In a new study: for some patients with ischemic heart disease, the use of β-blockers during non-cardiac surgery lowered the risks of major cardiac events and all-cause mortality at one month…

 

SARAH:

Yes, but that was only in those who’d had heart failure or a recent myocardial infarction. For everybody else, β-blocker therapy was actually associated with an increased risk of MACE. This is the finding of a study, reported in JAMA Internal Medicine, that analyzed data from over 28,000 patients with ischemic heart disease.

 

PETER:

Yes, we’ve heard criticism recently, haven’t we?  Many clinicians feel the current guidelines (especially the European ones) encouraging β-blockers peri-operatively for all patients with ischemic heart disease, rely on data that’s been discredited... 

 

SARAH:

Yes, and in fact the European Society of Cardiology is revising these aggressive guidelines right now, with a new version expected early in 2014. Lead study author Charlotte Andersson, from the Heart Centre in Copenhagen, said more trials are also needed:

 

ANDERSSON:

“I should say that this is an observational study, so we should be a little bit careful about drawing any definite conclusion about this but, as I see it, this data encourages, really, a randomized clinical trial, either investigating the effects, again, of beta-blockers, but maybe in a little higher risk population than has previously been investigated.
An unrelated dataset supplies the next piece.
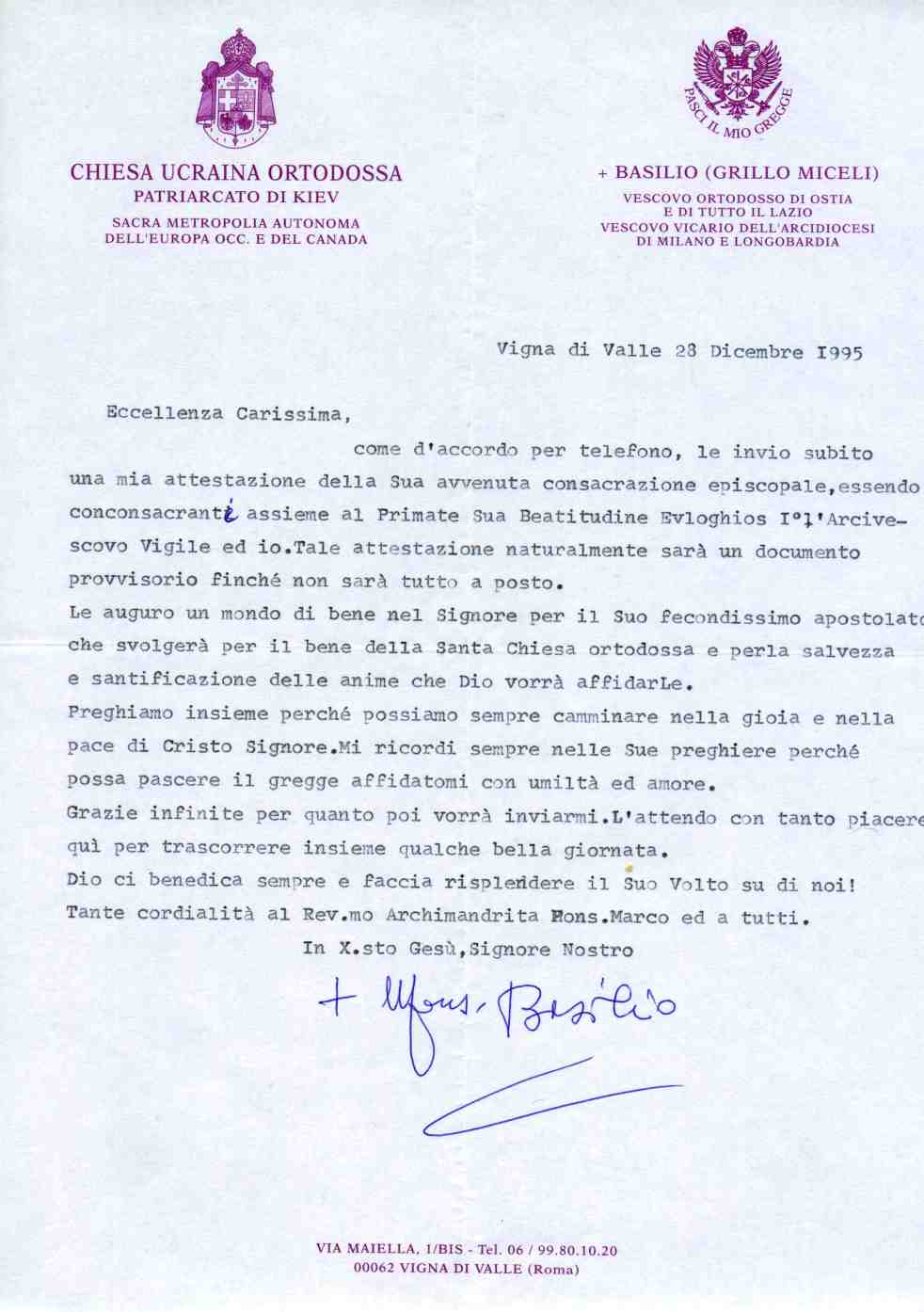 • SUA BEATITUDINE BASILIO E LA CHIESA ORTODOSSA D’ITALIA

Or that we actually could consider whether or not it would be reasonable to make a randomized clinical trial where we actually remove beta-blockers prior to surgery in a subgroup of patients with stable conditions.”


SARAH:

Professor Charlotte Andersson, talking to us at the American Heart Association meeting in Dallas. 

 

IN BRIEF 1: Use of antihypertensive medication does not change outcomes in stroke patients.

 

PETER:

Finally, in brief: Using anti-hypertensive medication to lower blood pressure in the 48 hours following an acute ischemic stroke, did not improve or worsen outcomes at hospital discharge or at 14 days. These are the findings of a large randomized study, published in JAMA, and presented at the AHA meeting. The primary outcome (a combination of death and major disability) did not differ between patients put on anti-hypertensive treatment and controls. And…

 

IN BRIEF 2: Global eradication of poliomyelitis would benefit all countries.

 

PETER:

Poliomyelitis-free countries remain at risk of outbreaks according to a report, published in the New England Journal of Medicine. Back in the year 2000, China was certified as a ‘poliomyelitis-free region’, but this was followed by the 2011 outbreak of imported wild-type poliovirus. The authors stress that global eradication of poliomyelitis would benefit all countries, even those that are currently free of the virus.